╭─ SOURCE DATA

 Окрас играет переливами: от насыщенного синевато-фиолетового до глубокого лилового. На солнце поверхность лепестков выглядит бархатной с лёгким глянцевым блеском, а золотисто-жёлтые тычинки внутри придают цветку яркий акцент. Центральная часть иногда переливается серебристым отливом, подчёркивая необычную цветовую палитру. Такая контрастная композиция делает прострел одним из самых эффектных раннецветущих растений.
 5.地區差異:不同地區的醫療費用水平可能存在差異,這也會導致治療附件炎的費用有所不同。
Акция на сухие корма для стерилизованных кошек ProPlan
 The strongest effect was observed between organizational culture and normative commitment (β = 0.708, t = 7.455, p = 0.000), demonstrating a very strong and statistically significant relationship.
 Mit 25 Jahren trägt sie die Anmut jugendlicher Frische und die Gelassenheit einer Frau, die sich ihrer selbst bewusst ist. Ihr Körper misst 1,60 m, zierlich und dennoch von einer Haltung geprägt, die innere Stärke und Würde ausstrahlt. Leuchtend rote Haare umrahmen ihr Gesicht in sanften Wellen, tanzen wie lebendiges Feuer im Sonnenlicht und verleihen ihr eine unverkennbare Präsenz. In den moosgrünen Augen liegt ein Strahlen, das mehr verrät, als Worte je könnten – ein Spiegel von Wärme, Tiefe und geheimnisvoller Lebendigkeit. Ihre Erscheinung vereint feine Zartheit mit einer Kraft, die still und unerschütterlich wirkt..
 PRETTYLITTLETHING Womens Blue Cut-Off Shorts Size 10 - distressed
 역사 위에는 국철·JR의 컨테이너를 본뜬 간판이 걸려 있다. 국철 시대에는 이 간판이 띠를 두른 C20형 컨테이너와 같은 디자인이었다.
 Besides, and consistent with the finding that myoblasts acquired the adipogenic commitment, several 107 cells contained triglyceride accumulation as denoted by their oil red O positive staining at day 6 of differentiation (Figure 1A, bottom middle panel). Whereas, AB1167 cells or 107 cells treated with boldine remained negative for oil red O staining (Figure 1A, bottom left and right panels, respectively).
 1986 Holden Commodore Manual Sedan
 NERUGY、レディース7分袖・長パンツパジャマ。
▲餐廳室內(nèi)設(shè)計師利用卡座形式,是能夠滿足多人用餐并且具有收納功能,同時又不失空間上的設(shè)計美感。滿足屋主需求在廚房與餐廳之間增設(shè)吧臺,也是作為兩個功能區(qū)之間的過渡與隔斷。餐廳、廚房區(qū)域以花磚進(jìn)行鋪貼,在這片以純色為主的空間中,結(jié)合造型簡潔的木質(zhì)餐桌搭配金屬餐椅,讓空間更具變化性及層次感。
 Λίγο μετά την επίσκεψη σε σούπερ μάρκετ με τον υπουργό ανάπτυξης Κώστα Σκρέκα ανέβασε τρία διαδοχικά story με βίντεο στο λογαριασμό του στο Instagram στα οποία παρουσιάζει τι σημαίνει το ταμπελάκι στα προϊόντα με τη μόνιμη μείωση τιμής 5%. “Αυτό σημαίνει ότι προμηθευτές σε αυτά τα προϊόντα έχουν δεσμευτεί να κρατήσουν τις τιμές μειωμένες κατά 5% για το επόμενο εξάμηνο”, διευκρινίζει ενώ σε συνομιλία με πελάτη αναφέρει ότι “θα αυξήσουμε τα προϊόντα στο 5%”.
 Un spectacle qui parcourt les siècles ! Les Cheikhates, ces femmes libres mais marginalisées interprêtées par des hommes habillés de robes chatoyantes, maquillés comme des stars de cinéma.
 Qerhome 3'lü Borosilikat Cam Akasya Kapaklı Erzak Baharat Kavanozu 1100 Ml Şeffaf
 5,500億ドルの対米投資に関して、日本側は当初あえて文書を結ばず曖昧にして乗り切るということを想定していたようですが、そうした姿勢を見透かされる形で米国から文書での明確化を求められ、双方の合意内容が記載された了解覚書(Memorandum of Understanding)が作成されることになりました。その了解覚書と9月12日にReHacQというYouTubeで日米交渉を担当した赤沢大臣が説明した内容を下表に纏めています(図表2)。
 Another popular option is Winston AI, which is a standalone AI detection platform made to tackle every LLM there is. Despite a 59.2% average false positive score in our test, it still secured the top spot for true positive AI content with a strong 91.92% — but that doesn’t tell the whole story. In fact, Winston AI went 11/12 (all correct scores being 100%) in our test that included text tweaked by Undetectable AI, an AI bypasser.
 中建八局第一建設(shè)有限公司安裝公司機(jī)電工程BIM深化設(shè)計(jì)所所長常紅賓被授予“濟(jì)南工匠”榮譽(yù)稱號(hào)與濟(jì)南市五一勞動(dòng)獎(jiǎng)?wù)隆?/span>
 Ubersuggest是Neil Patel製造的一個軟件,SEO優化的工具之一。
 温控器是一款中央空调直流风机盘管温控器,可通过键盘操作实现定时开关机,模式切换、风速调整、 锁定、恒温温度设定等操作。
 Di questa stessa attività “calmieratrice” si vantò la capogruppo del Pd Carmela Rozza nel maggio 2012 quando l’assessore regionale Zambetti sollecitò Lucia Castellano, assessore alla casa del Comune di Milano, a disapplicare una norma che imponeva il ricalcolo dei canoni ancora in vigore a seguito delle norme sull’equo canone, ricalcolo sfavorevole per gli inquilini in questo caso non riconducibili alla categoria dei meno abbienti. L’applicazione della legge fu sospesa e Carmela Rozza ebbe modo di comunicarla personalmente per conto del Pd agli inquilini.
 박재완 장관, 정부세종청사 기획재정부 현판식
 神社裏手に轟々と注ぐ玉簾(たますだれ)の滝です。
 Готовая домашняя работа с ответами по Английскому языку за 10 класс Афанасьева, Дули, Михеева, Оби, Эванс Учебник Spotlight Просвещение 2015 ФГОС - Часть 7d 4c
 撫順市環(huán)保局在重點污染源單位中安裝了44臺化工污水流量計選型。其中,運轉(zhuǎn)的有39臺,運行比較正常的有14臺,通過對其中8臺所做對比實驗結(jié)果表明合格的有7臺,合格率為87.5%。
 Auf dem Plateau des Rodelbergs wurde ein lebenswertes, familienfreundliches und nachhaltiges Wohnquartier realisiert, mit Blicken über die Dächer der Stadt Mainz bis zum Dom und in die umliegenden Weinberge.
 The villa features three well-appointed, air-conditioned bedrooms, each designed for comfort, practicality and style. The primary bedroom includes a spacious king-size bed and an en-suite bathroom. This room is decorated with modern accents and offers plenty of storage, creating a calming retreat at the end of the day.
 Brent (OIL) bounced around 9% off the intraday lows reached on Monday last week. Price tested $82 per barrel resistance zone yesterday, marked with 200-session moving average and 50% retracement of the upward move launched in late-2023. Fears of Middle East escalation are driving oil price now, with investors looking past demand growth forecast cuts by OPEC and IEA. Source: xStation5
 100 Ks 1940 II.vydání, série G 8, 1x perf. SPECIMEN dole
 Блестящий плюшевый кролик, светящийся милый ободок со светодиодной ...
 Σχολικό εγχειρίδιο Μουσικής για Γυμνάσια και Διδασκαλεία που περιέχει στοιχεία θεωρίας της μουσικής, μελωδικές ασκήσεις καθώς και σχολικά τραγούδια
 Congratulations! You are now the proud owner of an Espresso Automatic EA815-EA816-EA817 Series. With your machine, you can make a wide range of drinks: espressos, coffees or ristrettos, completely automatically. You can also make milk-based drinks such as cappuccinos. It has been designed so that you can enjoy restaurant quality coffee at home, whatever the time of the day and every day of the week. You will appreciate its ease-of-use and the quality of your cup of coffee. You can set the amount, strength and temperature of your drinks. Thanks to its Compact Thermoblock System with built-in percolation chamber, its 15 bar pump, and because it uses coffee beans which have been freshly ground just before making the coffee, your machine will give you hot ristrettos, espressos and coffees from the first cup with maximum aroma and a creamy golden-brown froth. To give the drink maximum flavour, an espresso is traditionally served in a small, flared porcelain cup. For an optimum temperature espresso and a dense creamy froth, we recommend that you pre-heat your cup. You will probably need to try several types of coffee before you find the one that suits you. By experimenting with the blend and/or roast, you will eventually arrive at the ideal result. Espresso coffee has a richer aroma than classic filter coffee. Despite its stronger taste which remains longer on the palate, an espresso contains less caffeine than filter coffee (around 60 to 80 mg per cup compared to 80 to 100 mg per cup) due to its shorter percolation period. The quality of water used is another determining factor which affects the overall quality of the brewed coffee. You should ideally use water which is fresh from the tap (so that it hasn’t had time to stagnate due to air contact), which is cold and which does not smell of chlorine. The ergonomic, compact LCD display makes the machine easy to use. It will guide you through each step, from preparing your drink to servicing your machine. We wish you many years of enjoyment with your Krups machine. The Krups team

╰─

- _EXERCISE DIRECTIONS_
The required output is the stretch of entries above from the line containing "Di questa stessa" through the line containing "撫順市環(huán)保局在重", reproduced exactly.

- _PROBLEM SOLUTION_
 Di questa stessa attività “calmieratrice” si vantò la capogruppo del Pd Carmela Rozza nel maggio 2012 quando l’assessore regionale Zambetti sollecitò Lucia Castellano, assessore alla casa del Comune di Milano, a disapplicare una norma che imponeva il ricalcolo dei canoni ancora in vigore a seguito delle norme sull’equo canone, ricalcolo sfavorevole per gli inquilini in questo caso non riconducibili alla categoria dei meno abbienti. L’applicazione della legge fu sospesa e Carmela Rozza ebbe modo di comunicarla personalmente per conto del Pd agli inquilini.
 박재완 장관, 정부세종청사 기획재정부 현판식
 神社裏手に轟々と注ぐ玉簾(たますだれ)の滝です。
 Готовая домашняя работа с ответами по Английскому языку за 10 класс Афанасьева, Дули, Михеева, Оби, Эванс Учебник Spotlight Просвещение 2015 ФГОС - Часть 7d 4c
 撫順市環(huán)保局在重點污染源單位中安裝了44臺化工污水流量計選型。其中,運轉(zhuǎn)的有39臺,運行比較正常的有14臺,通過對其中8臺所做對比實驗結(jié)果表明合格的有7臺,合格率為87.5%。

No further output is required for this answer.